The 45-year old says he is “used to these games that serve the politicians, but which don’t knock the islanders off course.”
Born on the island with its little harbor ringed with pastel-colored houses, Karagiannis’ boat plies the waters between Kastellorizo — with its two Greek flags painted onto the bare rock — and the Turkish mainland every day, carrying tourists to the island and islanders to do their shopping.
“I’ve been doing this for 30 years, and my family were doing it before me.
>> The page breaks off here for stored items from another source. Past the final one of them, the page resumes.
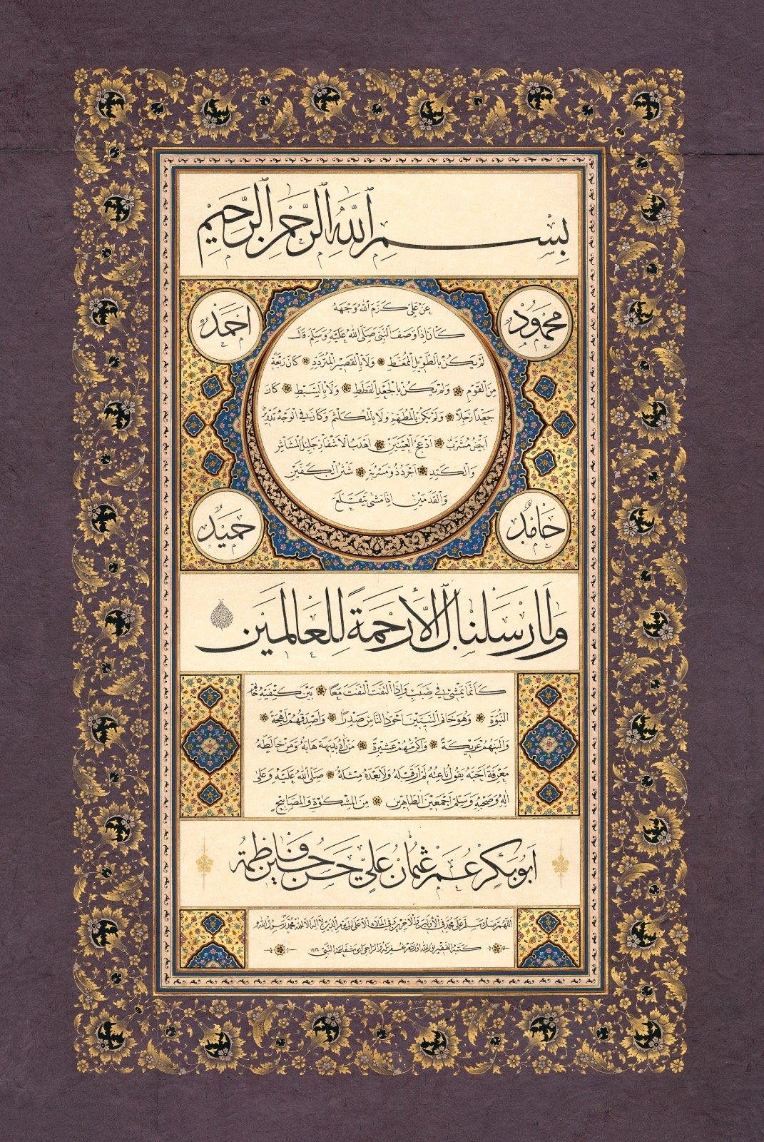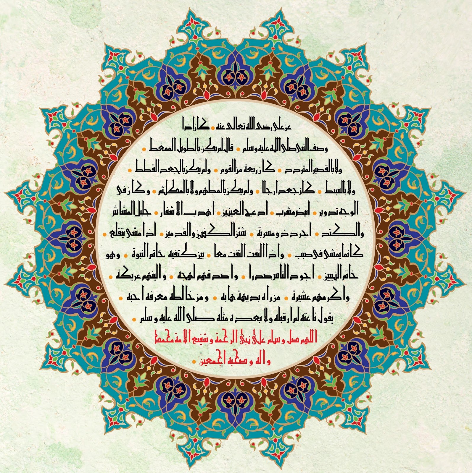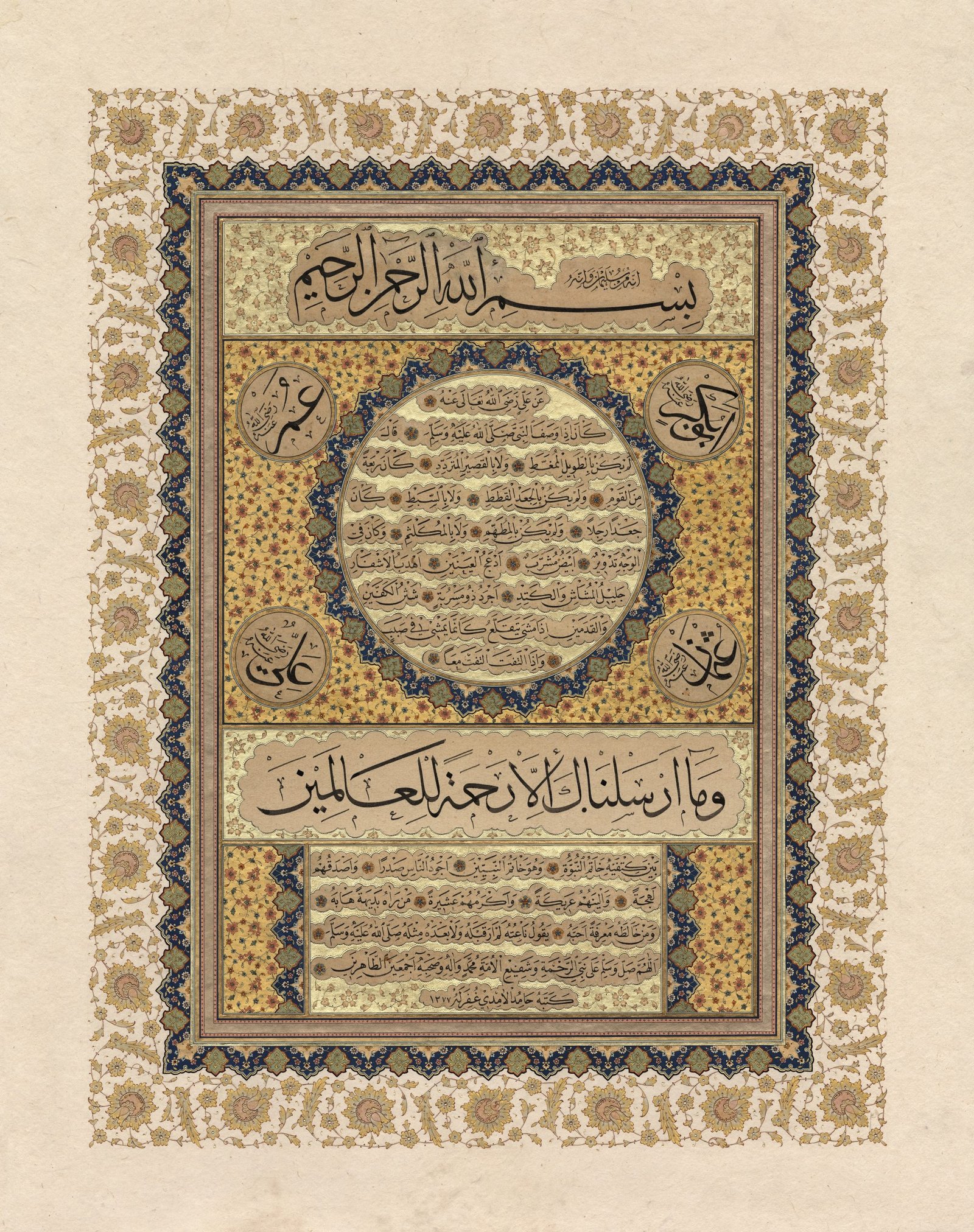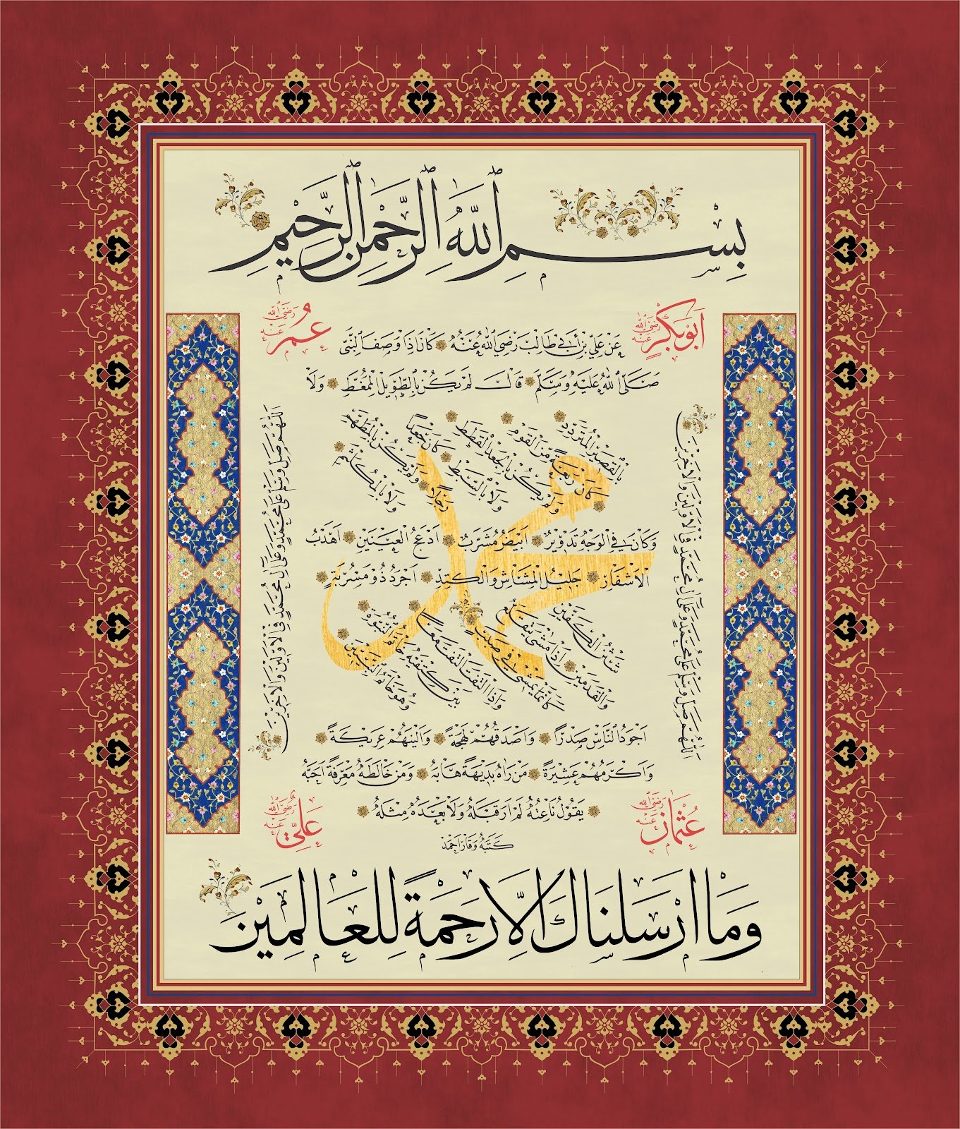 Description: A bright and illuminating piece like the luminous character of the Prophet PBUH. This piece brings a soothing, refreshing feeling to the heart. The Hilye in Tuluth script is surrounded by the names of the four Caliphs and there is heavy illumination all around.
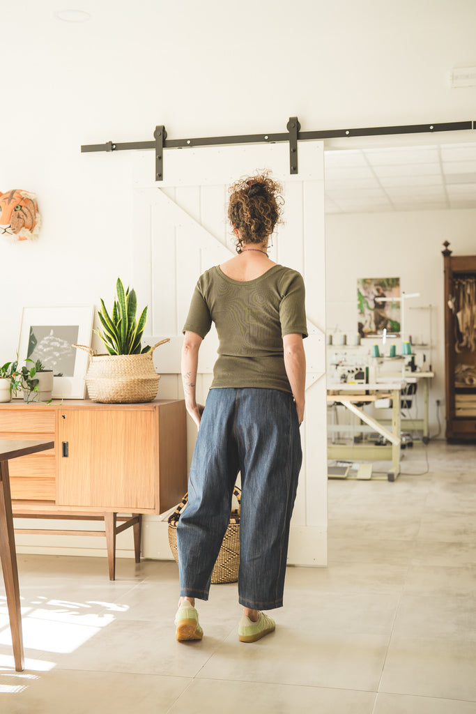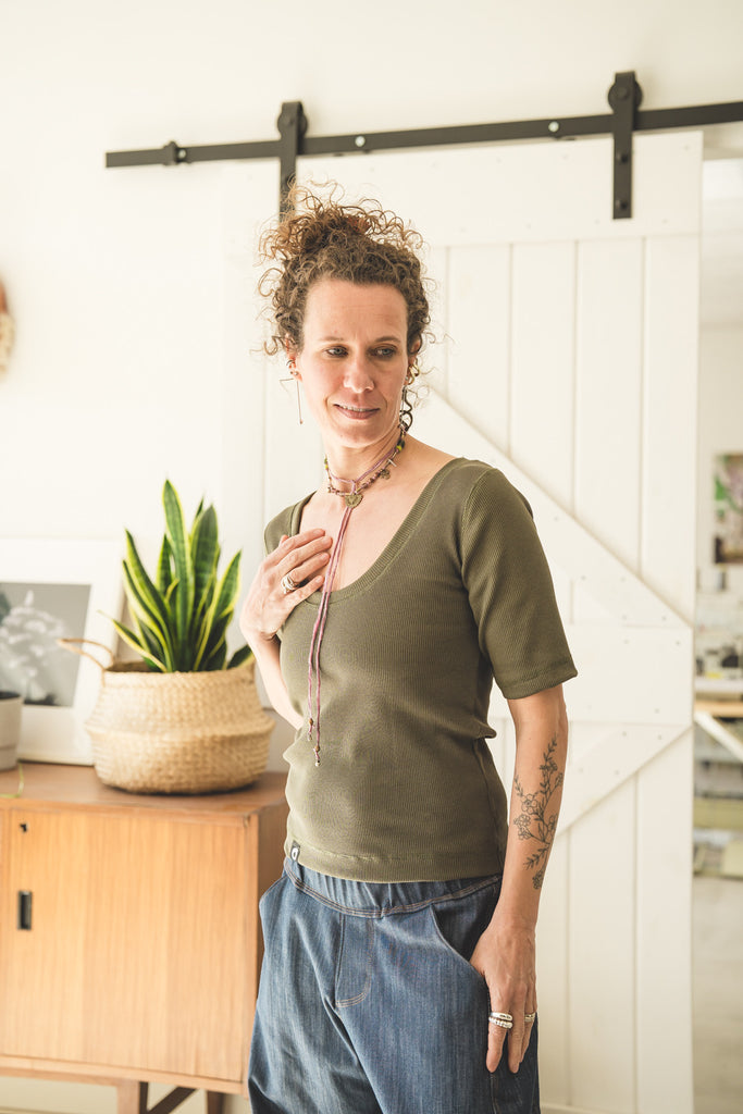 Un capo semplice e estremamente versatile. La Versione Ribbed è in tessuto jersey ribbed anziche in jersey liscio.
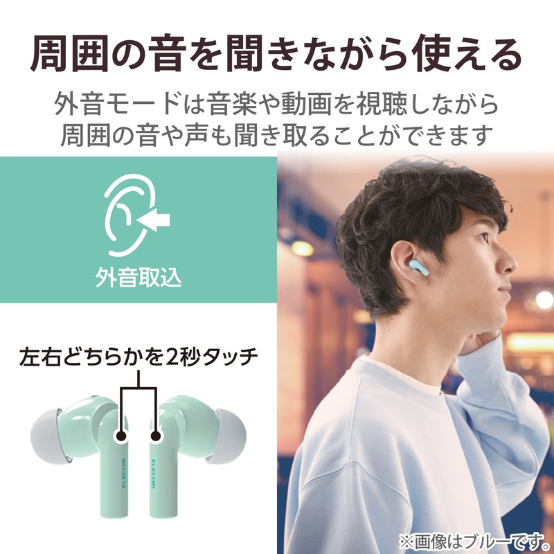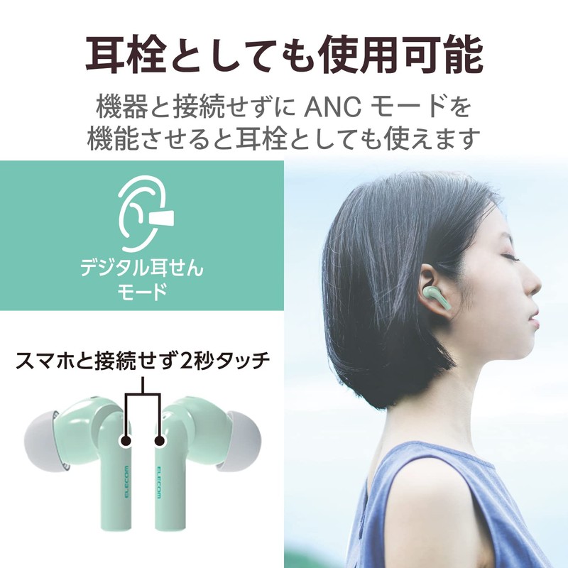 Elecom LBT-TWS15GN Wireless Earphones, Bluetooth 5.2, Noise Cancelling, AAC Compatible, Lightweight, Fully Wireless, Ear Plug Mode, Outsound Mode, Green
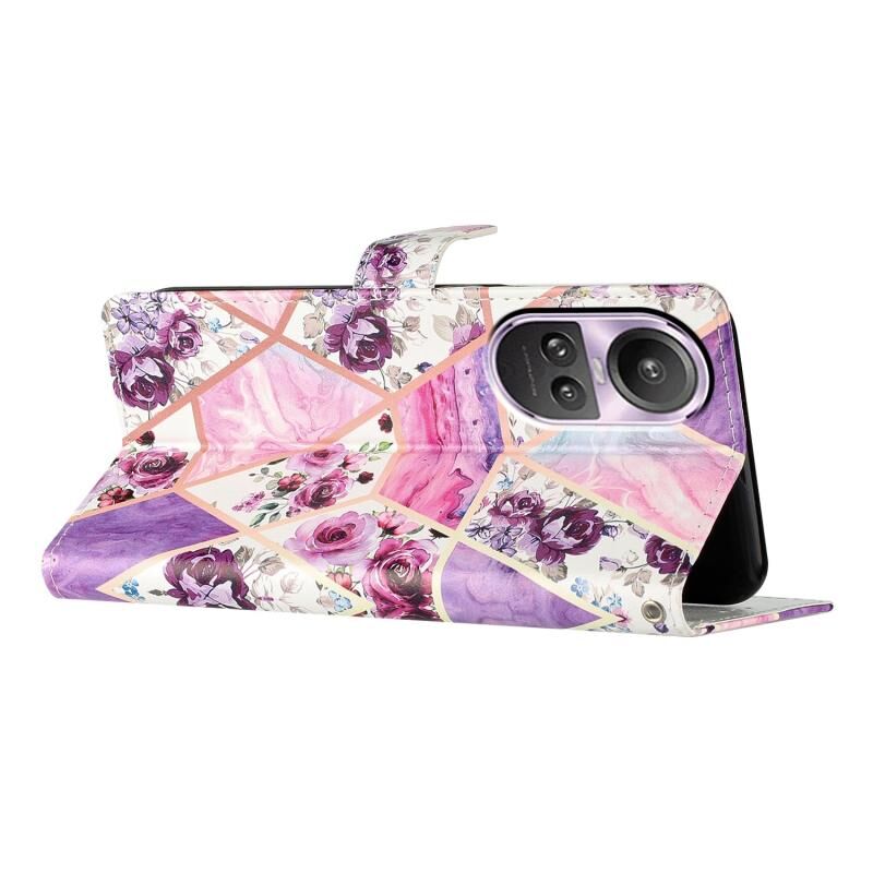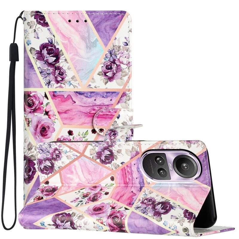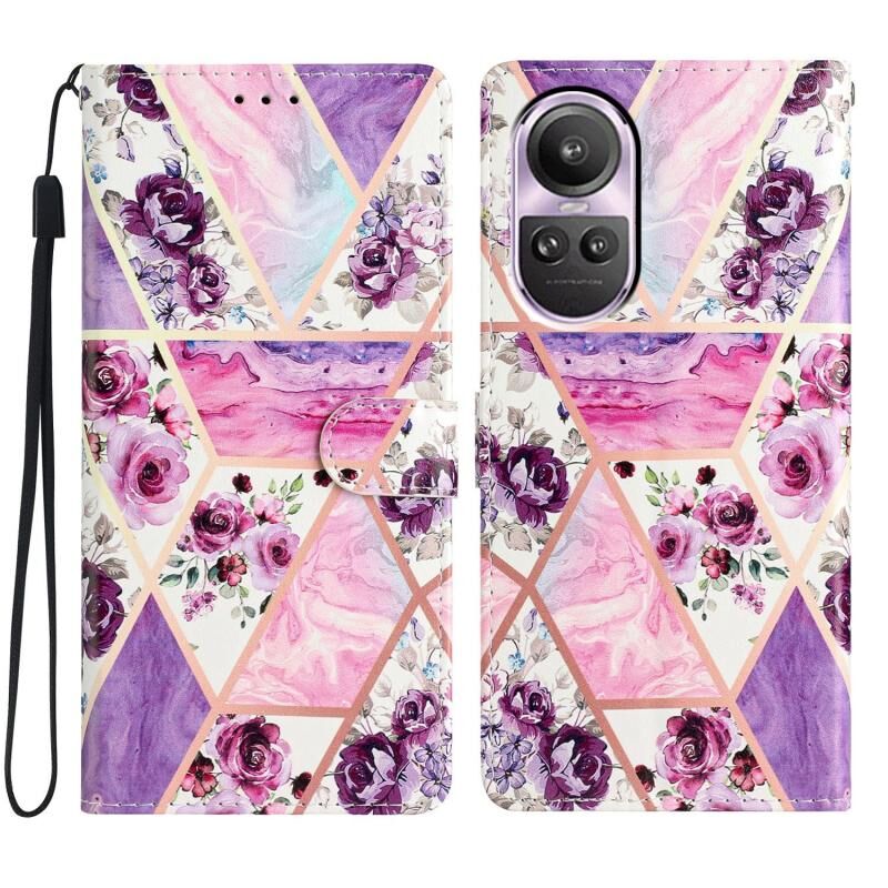 Θήκη τηλεφώνου από δέρμα με έγχρωμο σχέδιο για OPPO Reno10 /10 Pro Global (Μωβ Μάρμαρο)
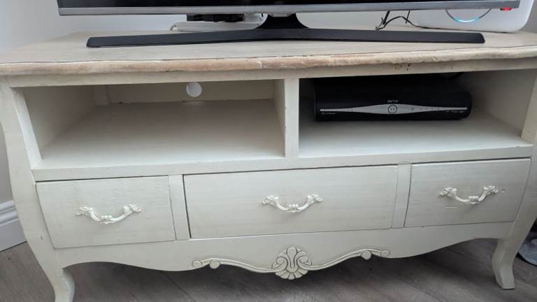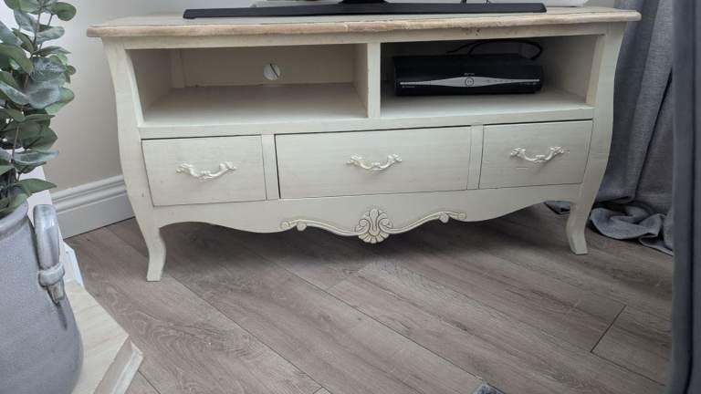 Three drawer french style TV unit excellent condition solid wood

There’s no reason for it to change,” he insists.
At present, the only thing blocking exchanges with the town of Kas across the strait is the coronavirus pandemic.
With half of the island’s 500-strong population members of the armed forces, people in military uniforms and swimwear mingle on the waterfront of Kastellorizo’s little port.
But the mirror-smooth waters belie the fierce international staring match going on over the treasures to be found beneath.
Kastellorizo is the Greek island furthest removed from the European mainland, a rocky, arid outcrop of around 9 square kilometers.
Its inhabitants are “used to” being the pivot around which Greece and Turkey’s longstanding enmity turns, says 62-year-old Foteini Dritsa.
Outside her souvenir shop, modern semi-rigid Zodiac dinghies and traditional rowing boats are pulled up side by side on the beach.
Between the Greek islanders and their Turkish counterparts “there are ties and friendships,” Dritsa says.
Deputy mayor Stavros Amygdalos agrees that “we have very good relations with our neighbors; we’re twinned with the town opposite; we put on a cultural festival together; there are significant economic ties.”
As the political pressure mounts in far-off capitals, “we’re keeping an eye out, but we’re staying calm and not changing anything about our everyday life,” Amygdalos adds.
On August 10, Turkish navy ships escorted an exploration vessel, the Oruc Reis, into the waters south of Kastellorizo.
Four days before, Greece had signed an agreement with Egypt on the two countries’ respective maritime economic zones, which the parliament in Athens waved through on Thursday.
But its claim that the waters around the island are under Greek sovereignty had Ankara seeing red.
Recent discoveries of large gas deposits in the eastern Mediterranean set the countries around the sea’s rim salivating.
Turkish President Recep Tayyip Erdogan fumed that acknowledging Greek jurisdiction in the region would mean “imprisoning Turkey within its coastline.”
“The way Greece laid out Kastellorizo’s Exclusive Economic Zone (EEZ) links Greece’s zone to Cyprus’s, de facto restricting Turkey’s to the Antalya bay area,” explains Panayotis Tsakonas, director of the security program at the Hellenic Foundation for European and Foreign Policy (ELIAMEP).
“If the two countries can’t agree, they’ll have to bring their dispute to an international tribunal that will set the dividing line,” Tsakonas predicted.
Ahead of any such move, both sides are flexing their muscles with military maneuvers, aiming also to draw allies to their side in mutual displays of force.
But the exercises are conducted “out on the open sea, and life on the island isn’t changing,” one coast guard who asked to remain anonymous tells AFP.
“It’s been the same thing ever since I was born,” says fisherman Dimitries Achladiotis with a smile from among his nets. “Tomorrow the Turks are going to invade the island!“
For now, the only things causing a ripple in the crystal-clear waters around Kastellorizo are the sea turtles.